2016-07-26 16:22:19来源:新东方 孟炎

  为了帮助大家熟悉托福写作范文万能素材,高效备考托福考试新东方在线托福网为大家带来新托福写作范文素材:朋友友谊话题一文,希望对大家托福备考有所帮助。更多精彩尽请关注新东方在线托福网!

>>新托福写作万能素材大汇总<<

  新托福写作范文素材:朋友友谊话题

  Will your friends be there for you?

  1

  Friends also play a key role in helping us through the toughest times, of course.Socially isolated women with breast cancer are more likely to die from the illness because of the lack of care-giving and support from friends and family, according to a study at the University of California.

  'The benefits of friendships become even more important as we grow older, when events such as bereavement, divorce and people moving away, can reduce our social circle,' says clinical psychologist Sukie Bilkhu at Priory's Wellbeing Centre in Southampton. 'Close friendships provide us with an increased sense of belonging and self-worth that is incredibly important for our mental health and wellbeing.'

  What are your friendship needs?

  2

  Another factor to bear in mind is that we all have different friendship needs. 'The need for friends as we get older really varies according to each person's life experiences,' says Bilkhu. 'Some people value close-knit friends to help alleviate loneliness, while others feel happy and content in their own company.

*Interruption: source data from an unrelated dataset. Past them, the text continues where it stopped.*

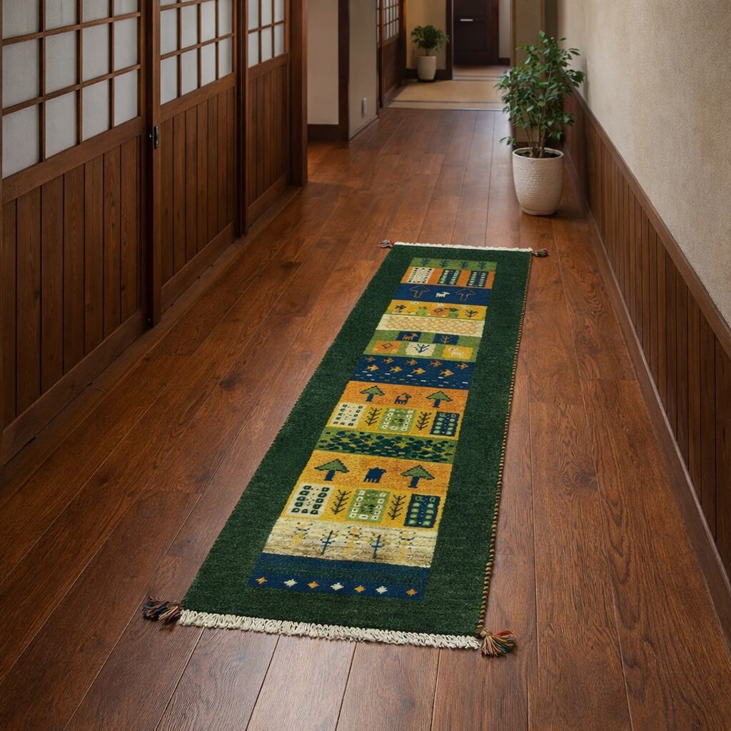 ペルシャギャッベ( ギャベ )ラグ ベッドサイド 廊下 ランナー No.GK-197
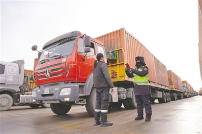 春节假期,甘其毛都边检站优化服务举措,积极应对节日期间口岸出入境客流、物流高峰,全力保障春节期间口岸安全、高效、顺畅通关。图为边检站民警正在核验出入境司机证件。本报记者 孟和朝鲁 摄
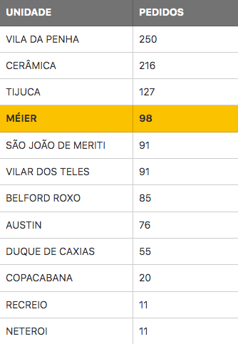 DADOS DO DELIVERY DIRETO – UNIDADE MÉIER
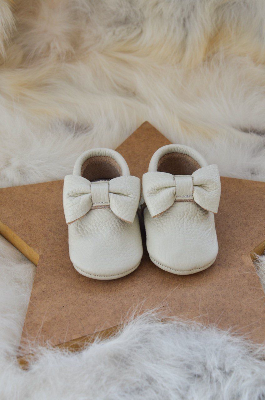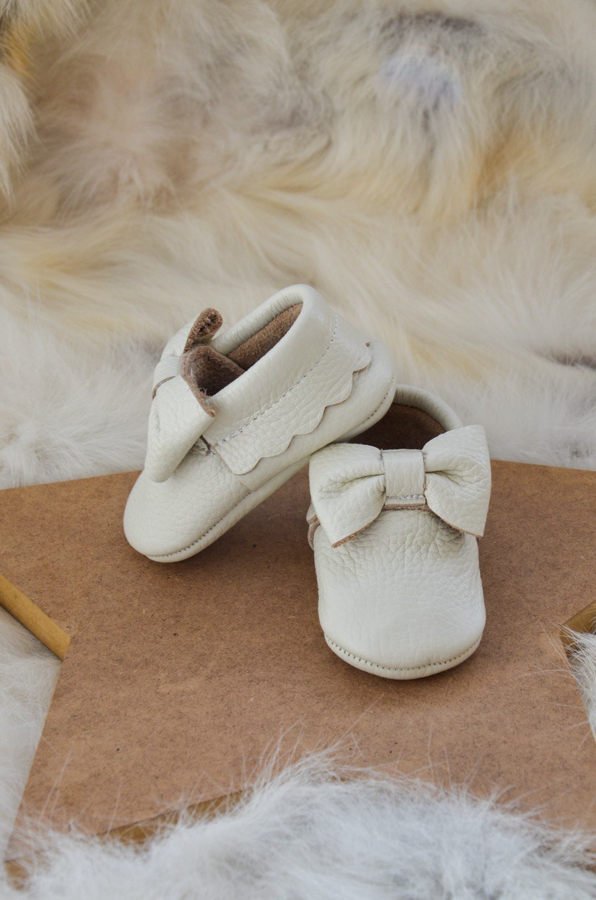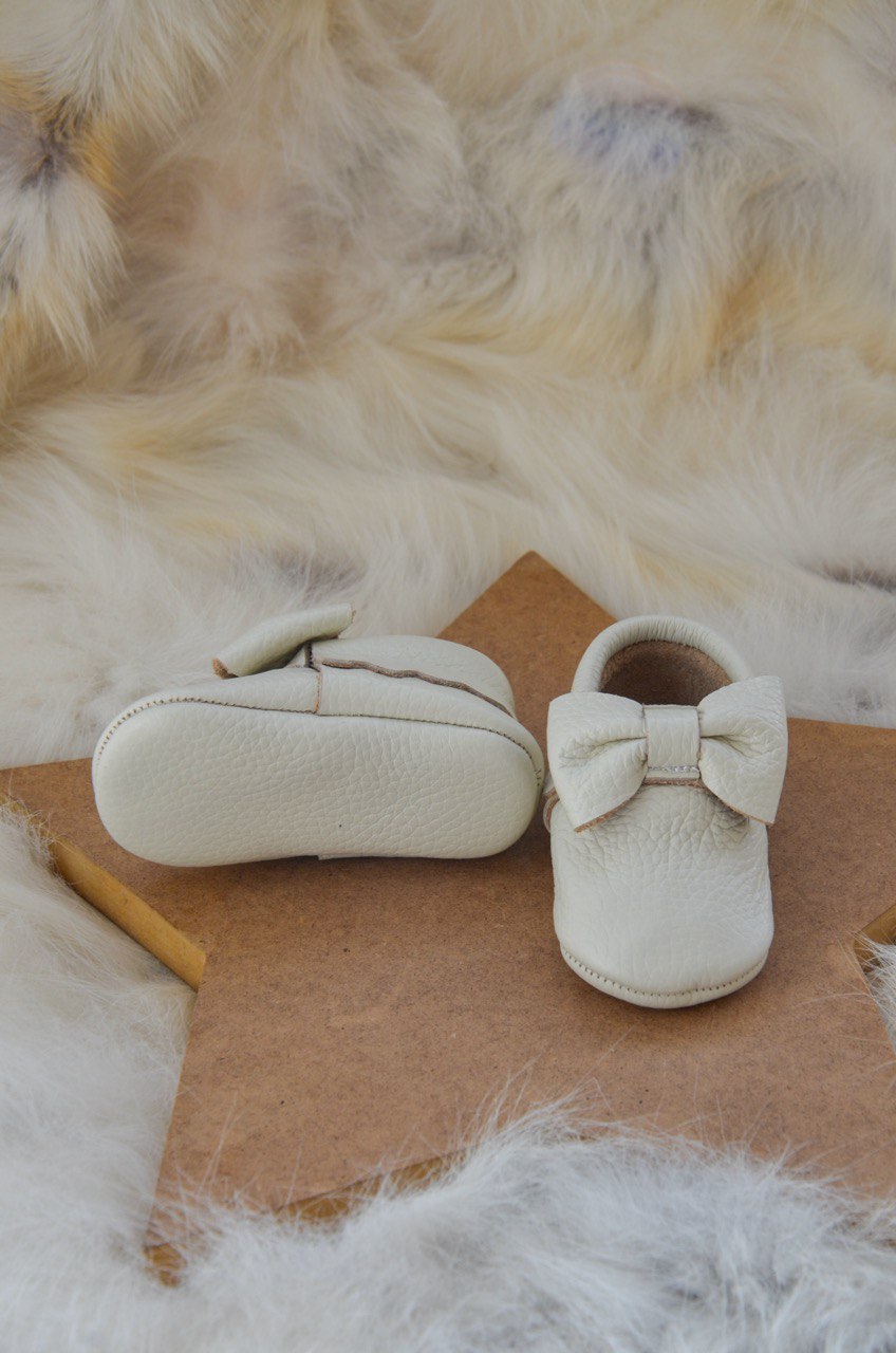 Bu el yapımı krem rengi bebek patikler, %100 hakiki yumuşak deriden üretilmiştir. El işçiliğiyle dikilen fiyonk detayı ve zarif kesimleriyle sade ama çok şık bir görünüme sahiptir.
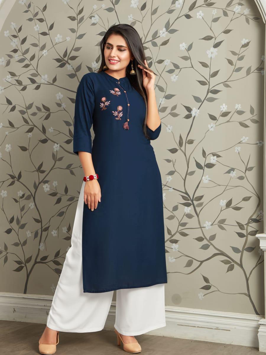 SURAT TIPS & TOPS Launching New Catalouge Catalouge : 💃 VASTRA 💃 Party Wear Heavy Hand Work Kurti With Reyon Palazzo Collection Fabrics : Fancy Reyon Slub 14KG Spec. : HAND WORK Sleeves type : 3/4th No.of designs : 6 Size : M38, L40, XL42, XXL44 Length : 46" Fabric in bottom : Reyon 14kg Palazzo Rate : 595 + GST 5%, |
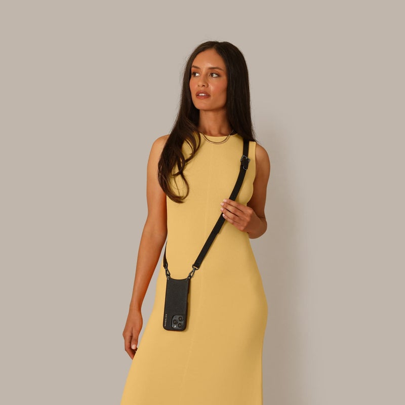 携帯を無くさず、落とさず、ファッショナブルに。どんな服装の日でもスマートフォンを肌身離さず持ち歩くことができます。
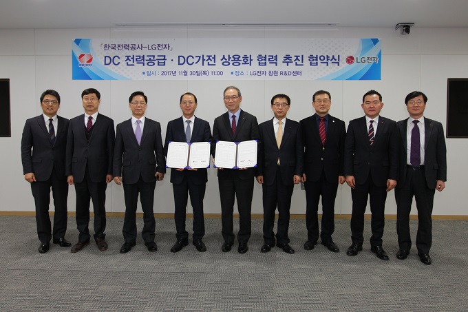 한국전력과 LG전자는 11월 30일(목) LG전자 창원 R&D센터(경남 창원시 소재)에서 한전 김시호 부사장, LG전자 H&A사업본부장 송대현 사장 등이 참석한 가운데 ‘DC전력공급 · DC가전 상용화 협력을 위한 협약’을 체결했다.

There are some who don't feel the need for any friendship "circles" as their immediate family fulfill this need. The key point is there is no "ideal" number of friends. What matters is the value a person places on friendships.'

  Interestingly, intelligence may also play a part in defining our friendship needs, according to a new study published in the British Journal of Psychology.

  Researchers found that the more social interactions with close friends a person had, the greater their self-reported happiness tended to be.

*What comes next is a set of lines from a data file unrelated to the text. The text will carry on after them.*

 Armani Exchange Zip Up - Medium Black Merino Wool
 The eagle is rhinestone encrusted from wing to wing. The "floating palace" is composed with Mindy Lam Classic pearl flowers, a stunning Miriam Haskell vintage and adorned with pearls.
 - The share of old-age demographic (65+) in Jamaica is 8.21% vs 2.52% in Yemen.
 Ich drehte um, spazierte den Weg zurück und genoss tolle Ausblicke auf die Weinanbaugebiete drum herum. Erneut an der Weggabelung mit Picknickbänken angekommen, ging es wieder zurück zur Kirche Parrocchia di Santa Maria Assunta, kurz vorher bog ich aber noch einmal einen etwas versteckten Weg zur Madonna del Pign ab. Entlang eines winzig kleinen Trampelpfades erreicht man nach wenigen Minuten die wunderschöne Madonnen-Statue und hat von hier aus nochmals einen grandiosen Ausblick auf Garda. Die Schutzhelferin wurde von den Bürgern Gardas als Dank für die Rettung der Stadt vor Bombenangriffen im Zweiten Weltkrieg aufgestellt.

  Should you make more friends?

  3

  'The key is to explore what's really important in your life,' Bilkhu advises. 'If having large friendship circles isn't something that fulfils your psychological, physiological and emotional needs, you can explore other avenues instead. This might mean refreshing or rejuvenating your relationship with your partner or family, or developing relationships in other ways such as through music, writing, art, nature, healthy living or spirituality.'

  Indeed, having lots of friends doesn't necessarily make you happier or more fulfilled. It's worth remembering that friendships can also be a source of stress and conflict. Those old 'playground feelings' can still rear their heads on occasion: we've allfelt let-down, ignored or insulted (however mildly) by friends from time to time.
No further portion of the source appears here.